START Exercise input

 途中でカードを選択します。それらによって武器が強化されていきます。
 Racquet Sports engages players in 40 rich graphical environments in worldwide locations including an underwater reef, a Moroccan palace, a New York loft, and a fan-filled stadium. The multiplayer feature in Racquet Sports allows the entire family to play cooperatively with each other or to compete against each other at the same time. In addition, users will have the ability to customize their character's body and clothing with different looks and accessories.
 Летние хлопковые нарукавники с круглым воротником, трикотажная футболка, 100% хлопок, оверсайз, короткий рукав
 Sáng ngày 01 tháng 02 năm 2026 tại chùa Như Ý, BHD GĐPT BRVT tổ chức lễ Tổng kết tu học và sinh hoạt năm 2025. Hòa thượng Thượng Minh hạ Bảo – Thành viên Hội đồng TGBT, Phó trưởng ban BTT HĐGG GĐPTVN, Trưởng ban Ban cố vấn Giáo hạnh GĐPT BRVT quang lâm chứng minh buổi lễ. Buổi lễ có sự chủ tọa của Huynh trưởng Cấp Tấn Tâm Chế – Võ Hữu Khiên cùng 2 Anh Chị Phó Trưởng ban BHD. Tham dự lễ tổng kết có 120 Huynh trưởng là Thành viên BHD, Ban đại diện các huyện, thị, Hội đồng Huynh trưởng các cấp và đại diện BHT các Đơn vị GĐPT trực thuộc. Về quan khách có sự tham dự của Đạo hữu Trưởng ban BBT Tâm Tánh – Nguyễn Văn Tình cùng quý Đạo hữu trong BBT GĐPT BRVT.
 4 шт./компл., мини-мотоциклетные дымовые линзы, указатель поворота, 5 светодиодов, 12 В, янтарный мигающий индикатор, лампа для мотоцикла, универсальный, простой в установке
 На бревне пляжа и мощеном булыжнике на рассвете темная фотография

END Exercise input

* Task:
Copy, character for character, the lines from the line that holds "4 шт./компл., мини-мотоциклетные" through the final line of the records above.

* Response:
 4 шт./компл., мини-мотоциклетные дымовые линзы, указатель поворота, 5 светодиодов, 12 В, янтарный мигающий индикатор, лампа для мотоцикла, универсальный, простой в установке
 На бревне пляжа и мощеном булыжнике на рассвете темная фотография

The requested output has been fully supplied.